Assigned task:
Word for word, set down every line of the entries below from the line with "Последний раз был" to the line with "Suszarka do zawieszenia", including both, and no other line.

Records for the task START

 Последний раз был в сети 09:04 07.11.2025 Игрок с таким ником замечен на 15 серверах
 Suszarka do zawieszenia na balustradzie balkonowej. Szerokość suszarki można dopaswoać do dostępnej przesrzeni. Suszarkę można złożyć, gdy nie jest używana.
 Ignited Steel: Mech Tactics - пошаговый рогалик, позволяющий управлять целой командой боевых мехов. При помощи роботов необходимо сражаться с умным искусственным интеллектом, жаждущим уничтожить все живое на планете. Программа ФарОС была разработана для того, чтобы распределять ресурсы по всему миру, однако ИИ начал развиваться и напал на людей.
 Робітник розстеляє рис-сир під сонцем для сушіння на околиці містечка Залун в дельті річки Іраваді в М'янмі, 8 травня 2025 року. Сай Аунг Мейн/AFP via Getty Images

Records for the task END
Records for the task START

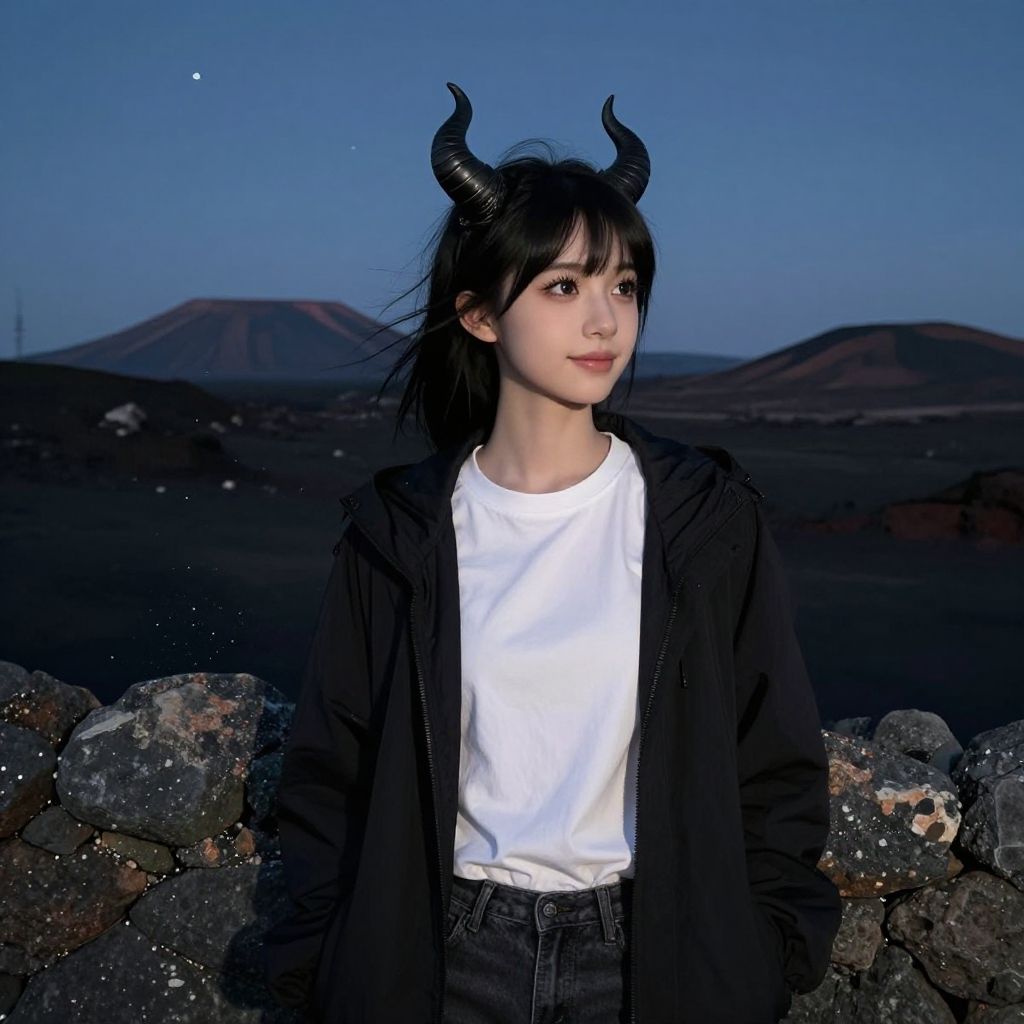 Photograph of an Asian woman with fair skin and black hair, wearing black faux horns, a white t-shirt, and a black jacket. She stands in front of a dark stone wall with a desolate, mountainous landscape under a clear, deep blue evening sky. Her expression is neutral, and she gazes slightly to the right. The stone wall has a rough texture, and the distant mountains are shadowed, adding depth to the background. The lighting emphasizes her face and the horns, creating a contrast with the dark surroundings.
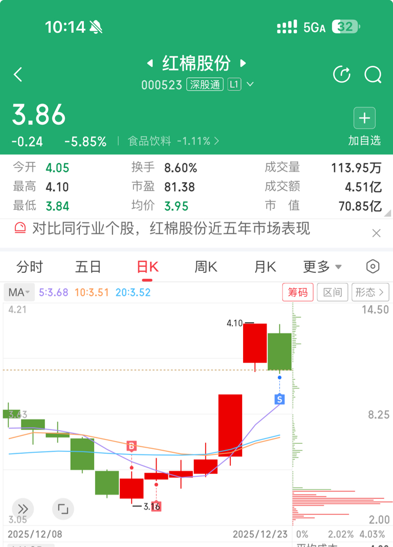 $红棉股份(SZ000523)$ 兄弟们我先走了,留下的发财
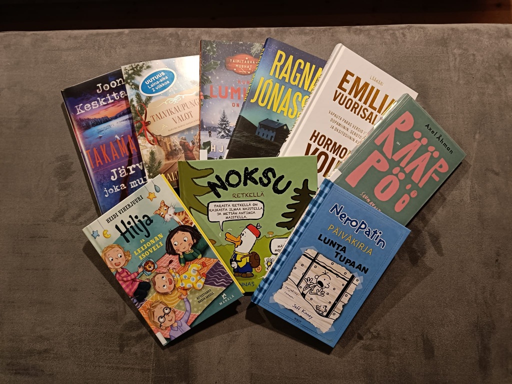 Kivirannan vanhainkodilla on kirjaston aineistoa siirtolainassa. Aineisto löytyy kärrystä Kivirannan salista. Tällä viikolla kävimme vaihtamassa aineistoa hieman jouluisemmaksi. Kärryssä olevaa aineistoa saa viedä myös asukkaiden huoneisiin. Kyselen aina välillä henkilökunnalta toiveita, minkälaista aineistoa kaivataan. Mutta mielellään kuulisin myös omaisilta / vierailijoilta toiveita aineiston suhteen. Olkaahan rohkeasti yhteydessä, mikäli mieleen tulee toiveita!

Records for the task END
Records for the task START

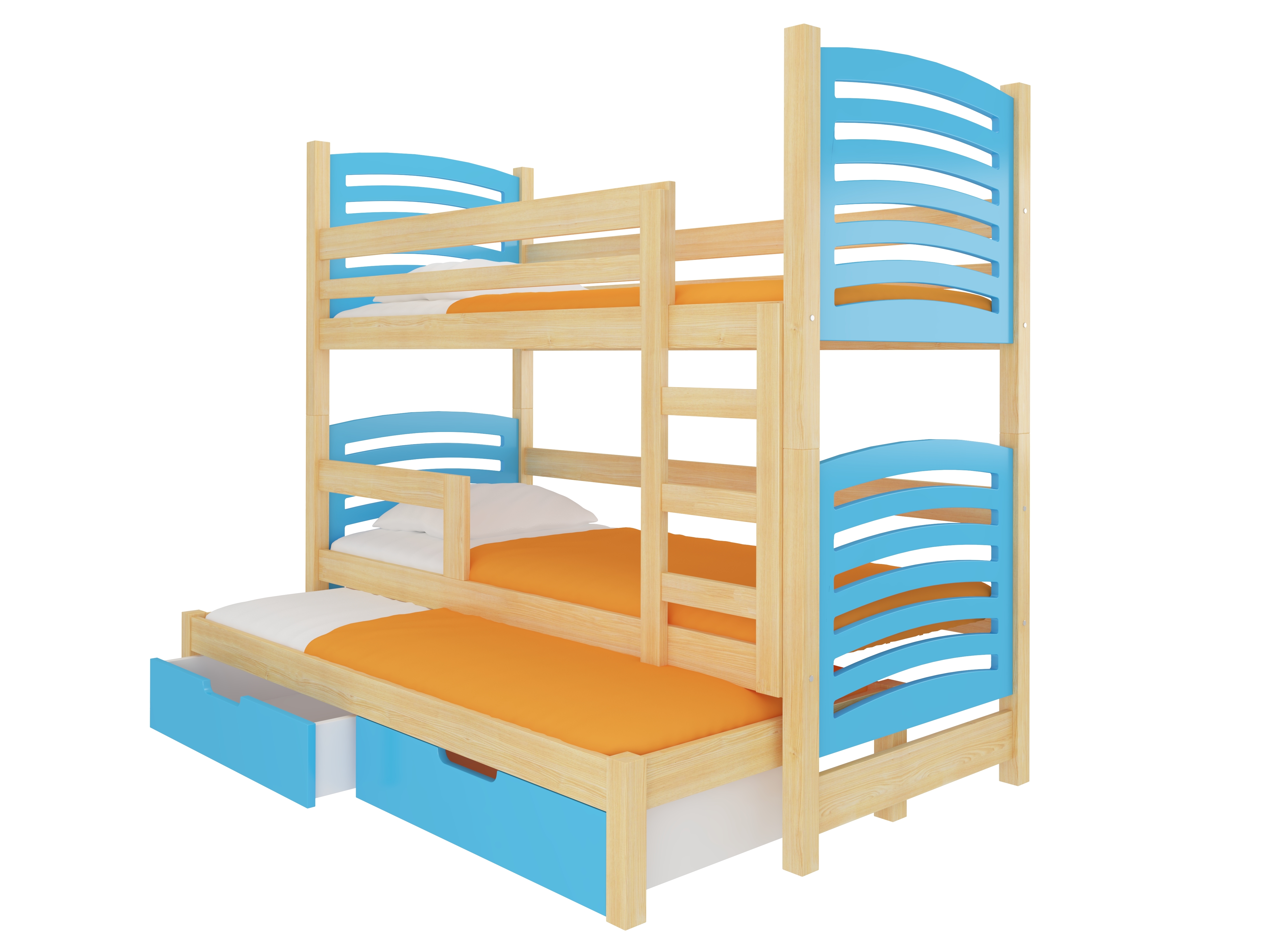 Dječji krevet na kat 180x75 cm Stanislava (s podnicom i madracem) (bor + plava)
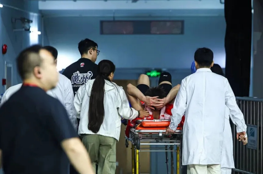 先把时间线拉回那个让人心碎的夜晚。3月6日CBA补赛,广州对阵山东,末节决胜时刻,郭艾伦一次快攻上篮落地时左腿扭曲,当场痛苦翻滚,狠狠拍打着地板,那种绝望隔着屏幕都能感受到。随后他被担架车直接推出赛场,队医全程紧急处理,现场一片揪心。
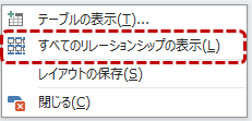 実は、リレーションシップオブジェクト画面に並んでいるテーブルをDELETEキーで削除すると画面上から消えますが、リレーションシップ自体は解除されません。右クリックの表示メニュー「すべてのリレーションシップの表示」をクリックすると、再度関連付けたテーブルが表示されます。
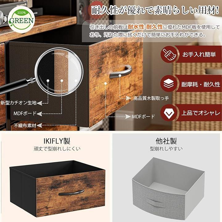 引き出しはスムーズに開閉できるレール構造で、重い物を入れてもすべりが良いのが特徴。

Records for the task END

Reply to the exercise:
 Последний раз был в сети 09:04 07.11.2025 Игрок с таким ником замечен на 15 серверах
 Suszarka do zawieszenia na balustradzie balkonowej. Szerokość suszarki można dopaswoać do dostępnej przesrzeni. Suszarkę można złożyć, gdy nie jest używana.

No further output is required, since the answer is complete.